## Activity
Can you transcribe every entry word for word, skipping the images?

Records drawn from a dataset:
=== Begin Enclosure ===
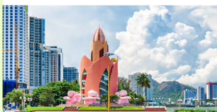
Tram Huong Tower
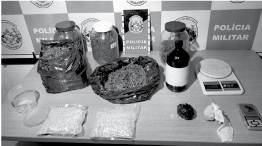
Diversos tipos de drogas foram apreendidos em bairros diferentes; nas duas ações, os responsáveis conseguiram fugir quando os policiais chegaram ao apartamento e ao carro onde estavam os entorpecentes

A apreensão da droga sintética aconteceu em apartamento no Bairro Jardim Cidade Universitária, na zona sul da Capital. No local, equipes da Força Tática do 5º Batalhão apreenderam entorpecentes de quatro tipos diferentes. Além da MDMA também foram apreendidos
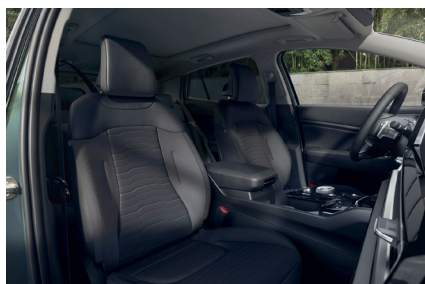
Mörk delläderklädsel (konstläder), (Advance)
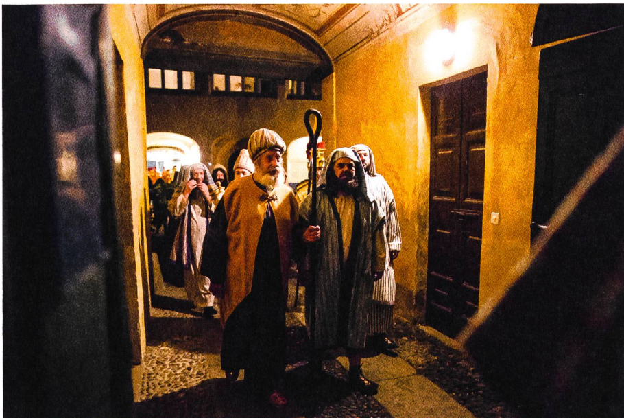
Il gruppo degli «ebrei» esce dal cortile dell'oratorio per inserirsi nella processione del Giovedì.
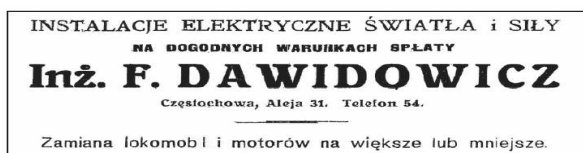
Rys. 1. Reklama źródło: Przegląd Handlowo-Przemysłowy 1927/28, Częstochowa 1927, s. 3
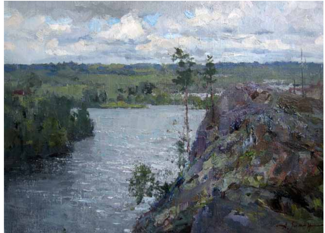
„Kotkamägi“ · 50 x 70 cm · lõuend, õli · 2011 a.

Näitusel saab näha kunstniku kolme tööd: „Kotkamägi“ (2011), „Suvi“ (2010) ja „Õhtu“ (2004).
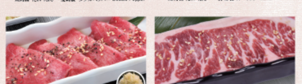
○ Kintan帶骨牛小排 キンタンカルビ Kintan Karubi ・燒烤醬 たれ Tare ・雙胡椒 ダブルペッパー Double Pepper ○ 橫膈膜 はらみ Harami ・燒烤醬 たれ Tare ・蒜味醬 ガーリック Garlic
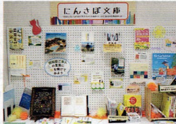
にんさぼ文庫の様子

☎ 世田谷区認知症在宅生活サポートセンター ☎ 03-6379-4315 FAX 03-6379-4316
=== End Enclosure ===
## Answer below
Tram Huong Tower
Diversos tipos de drogas foram apreendidos em bairros diferentes; nas duas ações, os responsáveis conseguiram fugir quando os policiais chegaram ao apartamento e ao carro onde estavam os entorpecentes

A apreensão da droga sintética aconteceu em apartamento no Bairro Jardim Cidade Universitária, na zona sul da Capital. No local, equipes da Força Tática do 5º Batalhão apreenderam entorpecentes de quatro tipos diferentes. Além da MDMA também foram apreendidos
Mörk delläderklädsel (konstläder), (Advance)
Il gruppo degli «ebrei» esce dal cortile dell'oratorio per inserirsi nella processione del Giovedì.
Rys. 1. Reklama źródło: Przegląd Handlowo-Przemysłowy 1927/28, Częstochowa 1927, s. 3
„Kotkamägi“ · 50 x 70 cm · lõuend, õli · 2011 a.

Näitusel saab näha kunstniku kolme tööd: „Kotkamägi“ (2011), „Suvi“ (2010) ja „Õhtu“ (2004).
○ Kintan帶骨牛小排 キンタンカルビ Kintan Karubi ・燒烤醬 たれ Tare ・雙胡椒 ダブルペッパー Double Pepper ○ 橫膈膜 はらみ Harami ・燒烤醬 たれ Tare ・蒜味醬 ガーリック Garlic
にんさぼ文庫の様子

☎ 世田谷区認知症在宅生活サポートセンター ☎ 03-6379-4315 FAX 03-6379-4316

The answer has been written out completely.